Di hadapan saya, si muslimah memangku bayinya yang kedua. Seperti yang sudah-sudah, tak berhenti bercerita tentang suami yang dia banggakan. Di kursi, saya terpaku.
Tidak tahu harus berbicara apa. Sementara sepasang mata tua milik ibu si muslimah, menatap kami dengan pandangan berkabut.

Catatan 4
Jika Saya Dan Suami Bercerai


Kami berdua tidak bisa menebak takdir di masa depan.
Apakah pernikahan kami akan langgeng hingga kematian memisahkan, atau tidak
Saya tidak pernah memikirkan itu sebelumnya. Rumah tangga kami bukan tanpa masalah. Sebagaimana pasangan muda lain, satu dua pertengkaran lumrah rasanya. Lalu kenapa saya mendadak berpikir, what if…?

Ya, bagaimana jika saya dan suami bercerai? Ini gara gara saya tidak bisa menutup kuping terhadap berita perceraian yang kian hangat di kalangan selebritis. Meski nyaris tidak pernah menyengajakan diri menonton infotaintrnent, tapi entah bagaimana info tersebut sampai juga ke telinga. Kadang lewat headline surat kabar infotaintrnent yang seakan disodorkan ke wajah kita, setiap mobil berhenti di perempatan lampu merah atau pom bensin. Terkadang saya tidak sengaja mendengarnya dari percakapan mbak Tri yang sudah lama membantu keluarga kami di rumah, dengan Ibu mertua, atau dari siaran tivi di ruang tengah yang menembus pintu kamar saya.

Meski tidak terlibat, apalagi mengenal sosok artis yang menjadi sorotan berita, saya selalu merasa sedih setiap mendengar perceraian. Apalagi jika diikuti kemarahan.

Saya tidak mengerti. Bagaimana dua orang yang dulu amat sangat mencintai kini sanggup saling menyakiti Bagaimana mereka bisa saling membenci dan mengibarkan bendera permusuhan? Begitu mudahkan cinta yang telah mengakar tercerabut tanpa bekas?

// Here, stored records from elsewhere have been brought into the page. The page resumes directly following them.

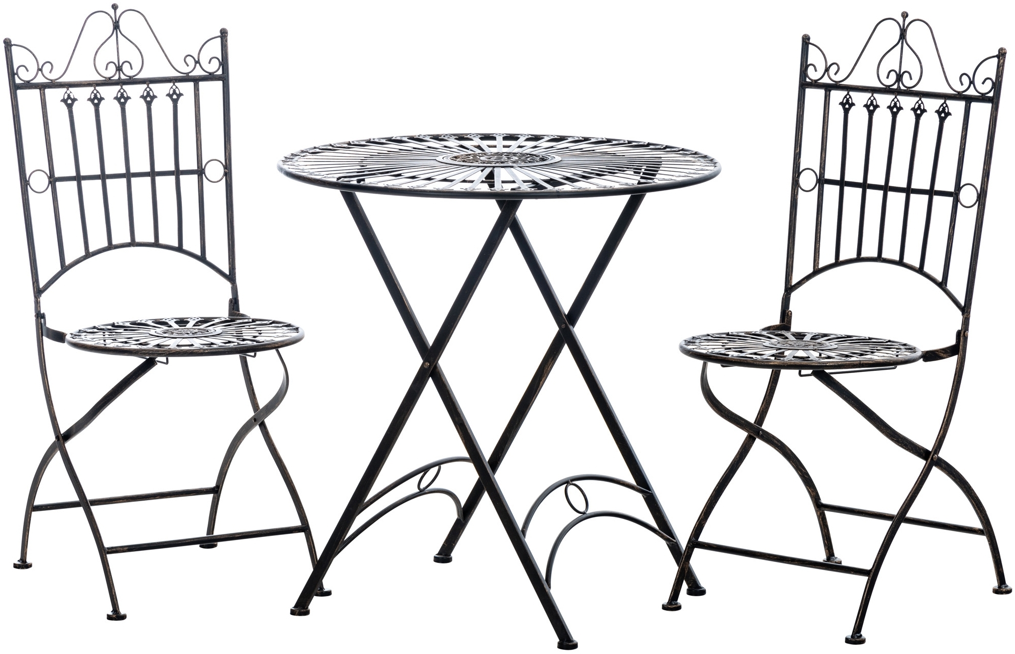 Die CLP Sitzgruppe Tegal aus Metall in bronze ist ein stilvolles Möbelstück für Ihren Garten. Mit ihrem nostalgischen Design und den grazilen Formen zieht sie alle Blicke auf sich. Gefertigt aus stabilem Eisen mit antiker Patina, bietet sie nicht nur Langlebigkeit, sondern auch Flexibilität, da die Möbel platzsparend zusammengeklappt werden können. **Highlights** - Nostalgisches Design: Verleiht Ihrem Garten eine besondere Note. - Stabil und langlebig: Gefertigt aus Eisen mit antiker Patina. - Platzsparend: Einfach zusammenklappbar und zu verstauen. - Vielseitig einsetzbar: Perfekt für Ihren Lieblingsplatz im Garten. - Detailreiche Verzierungen: Ein echter Blickfang. **Produkteigenschaften** - Material: Eisen - Farbe: Bronze - 2 Stühle: - Gesamthöhe: 94 cm - Gesamtbreite: 39 cm - Gesamttiefe: 53 cm - Sitzhöhe: 44 cm - Sitzfläche: 39 x 39 cm - Höhe Rückenlehne: 52 cm - Gewicht: 5 kg - Tisch: - Gesamthöhe: 71 cm - Gesamtbreite: 71 cm - Gesamttiefe: 71 cm - Gewicht: 5 kg
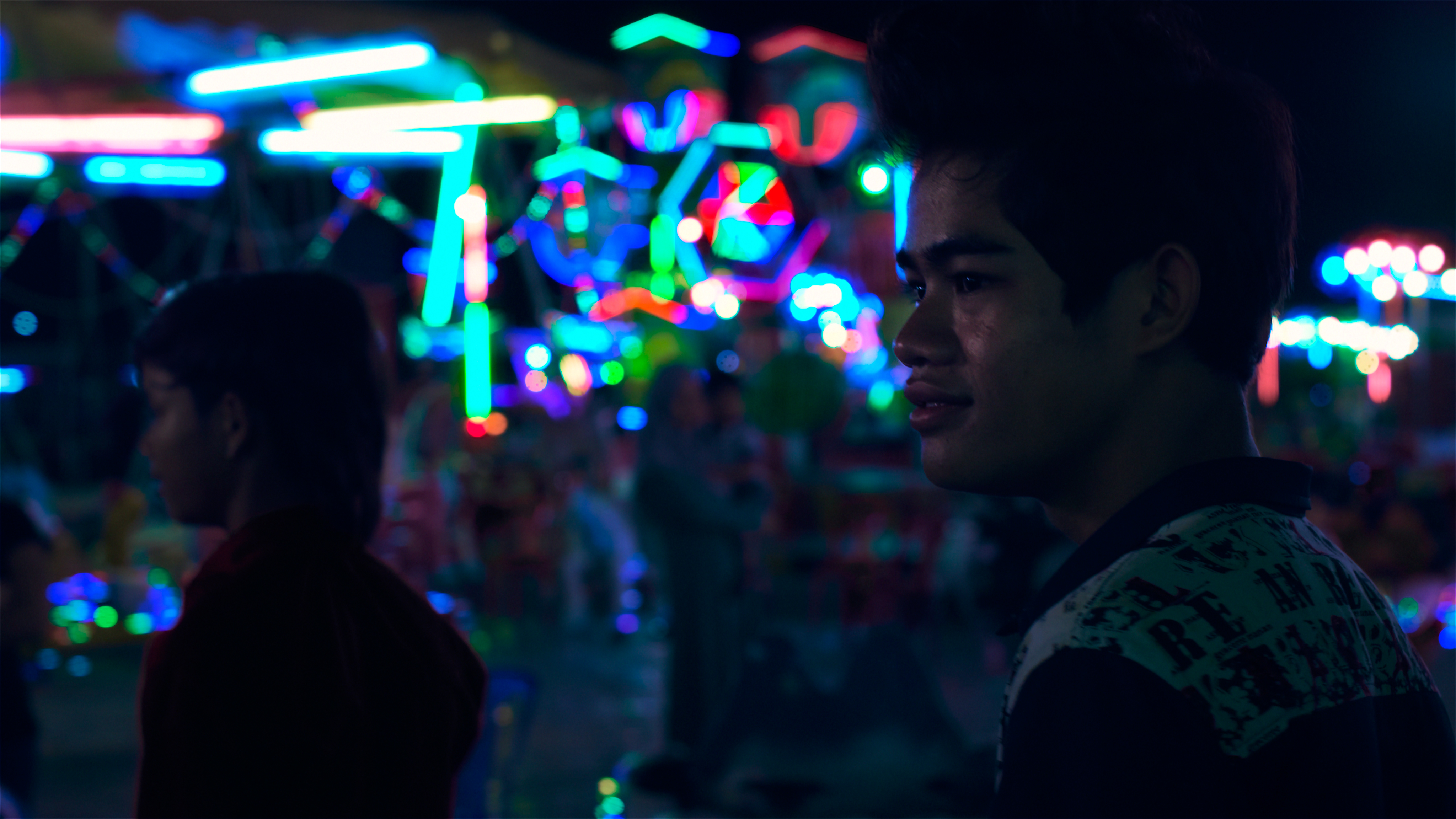 Die Bilder, die Chou dafür verwendet, fangen diese Ambivalenz auch sehr schön ein. Kleine Kunstwerke sind es sogar, die er da auf die Leinwand gezaubert hat, bestimmt durch viele Kontraste: Tag und Nacht, hell und dunkel, neonfarben und betongrau. Dass er zuvor im Dokumentarfilmbereich unterwegs war und hier sein Spielfilmdebüt abgibt, das merkt man Diamond Island dann auch an – im Positiven wie im Negativen. So eindrucksvoll die Aufnahmen auch sind, so kunstvoll komponiert, so sehr scheinen sie losgelöst von den Figuren zu sein.
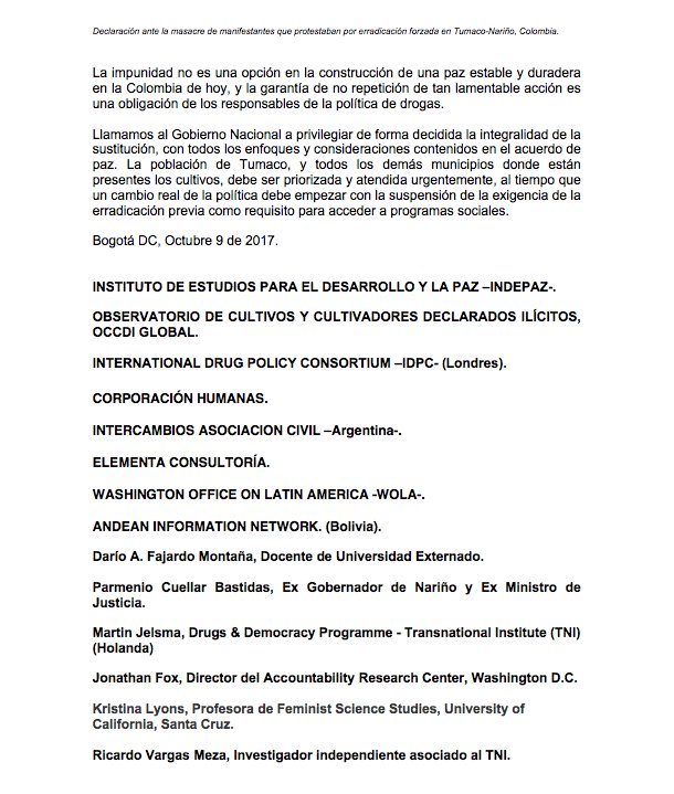 On October 9 deputy Attorney General María Paulina Riveros confirmed that the October 5 clash between armed forces and unarmed farmers in El Tamil, near Tumaco, had left a total of 6 confirmed deaths and 12 people injured.

Yang lebih membuat saya sedih adalah jika keduanya sudah memiliki anak. Saya tidak bisa membayangkan bagaimana jika sikap menyerang dan saling menyakiti terbaca dan sampai ke telinga anak. Ketika suami istri mulai memerinci kekurangan, berlomba mengatakan hal-hal buruk satu sama lain, bahkan membongkar aib pasangan…
lantas kenangan indah apa yang akan tersisa di benak anakanak , tentang ayah dan ibu mereka?

Soal ini terasa lebih mengganggu ketika seorang saudara kami bercerai. Saya memaklumi kemarahan si suami karena sang istri yang menelantarkan anak -anak, bahkan menginap demi lelaki lain. Kemarahan yang kemudian meluas ketika masalah ini juga diceritakan pihak suami kepada ibunya. Gelombang amarah membesar karena dengan cepat persoalan itu sampai ke pihak keluarga besar, sampai detil yang tak pantas dibicarakan.